You can also see from the plea -- did McKay read it? -- that the hinge in this story isn't the Internet or talking to shadowy people on the Internet, but making a friend who invited him to a mosque and talked to him about jihad and who then gave him the Internet videos to look up on Youtube or other sites.
So you can' say Kodirov is a "victim of social media"; he's the victim of a guy who befriended him and took him to a mosque where he was encouraged to believe that jihad was acceptable -- and encouraged to act on those violent sentiments. THAT is the problem; the Internet only amplifies it.
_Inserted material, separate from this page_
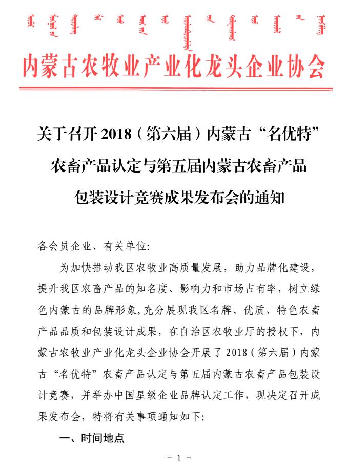 關(guān)于召開2018(第六屆)內(nèi)蒙古“名優(yōu)特”農(nóng)畜產(chǎn)品認(rèn)定與第五屆內(nèi)蒙古農(nóng)畜產(chǎn)品包裝設(shè)計競賽成果發(fā)布會的通知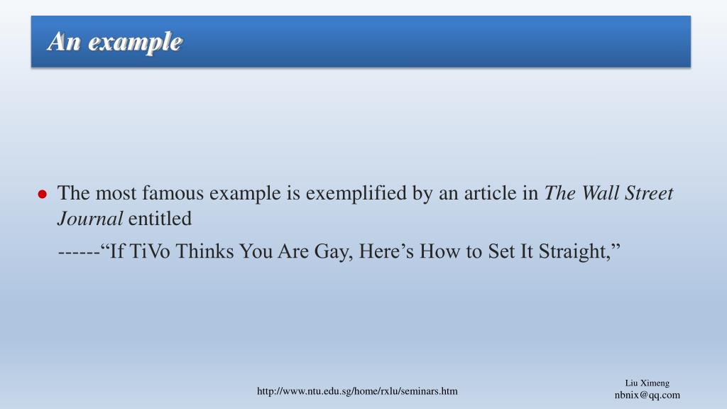 An example • The most famous example is exemplified by an article in The Wall Street Journal entitled ------“If TiVo Thinks You Are Gay, Here’s How to Set It Straight,”

One thing I really don't like about this complaint, and I wonder why the lawyer let it be put in, is this:
As part of this agreement, the defendant specifically acknowledges and states that the defendant has not been persecuted in, and has no present fear of persecution in, Uzbekistan on account of his race, religion, nationality, membership in a particular social group, or political opinion. Similarly, the defendant further acknowledges and states that the defendant has not been tortured in, and has no present fear of torture in Uzbekistan.
That's just plain up and down false. Indeed, Kodirov does have a well-founded fear of persecution, especially now that he has become publicly known and has been identified with extreme Islamists and a plot to kill a president. But even before that, merely for being a young Muslim man who studied abroad he could face questioning, attempt to make him into a secret police informant, and torture if he refused to cooperate -- there are existing cases like this and it is common in these countries.
There are thousands of Muslims who have been tortured and imprisoned for activities that are not considered crimes in democratic countries -- joining unauthorized religious groups that aren't even designated as terrorist groups and so on.
I suppose the lawyer had to concede this paragraph to get the plea, but it sure sets back progress for everybody else. There's no question Kodirov faces *now* a very high likelihood of torture if he were returned to Uzbekistan, and even before his arrest, merely for floating around and not going to a scheduled program, he could face at least questioning and an effort to turn him, if not worse. So could his family. The Uzbek secret police are deadly.
Strangely, despite this high likelihood of torture as others have found, Kodirov asks to be returned to Uzbekistan.
Now, that suggests to me that this entire story could indeed be a hoax planned by Uzbek intelligence, either with Kodirov's knowledge, or with Kodirov's general goofiness and possible mental illness exploited by cunning secret police -- and with either his knowledge that he will get out of it all by being brought home and quietly released, or with their knowledge that they will either put him in jail anyway at home or compensate him in some way. The point of this exercise? To let us know there are real terrorists in Uzbekistan and to smear the whole Uzbek emigre community, ultimately, for Americans and Uzbeks.
Except, if he wasn't the avatar of an elaborate sting operation on the part of Uzbek intelligence, he went along with the American sting willingly and that is troublesome.
Given that the complaint also contains an agreement to assist in his removal by the provision of documents, etc., I wonder if we can expect that Kodirov *will* be removed in this case.
I will keep researching the emigre press on this and post more later, but meanwhile, I ask these questions:
o Is this another MNB caper, whereby the Uzbek secret police create a hoax and a case like this to influence public opinion and deter would-be jihadists?
o Did the US FBI and/or CIA collude in this hoax?
o Why didn't anybody research the bona fides of his student visa and educational institution here in the US and at the US Embassy in Tashkent?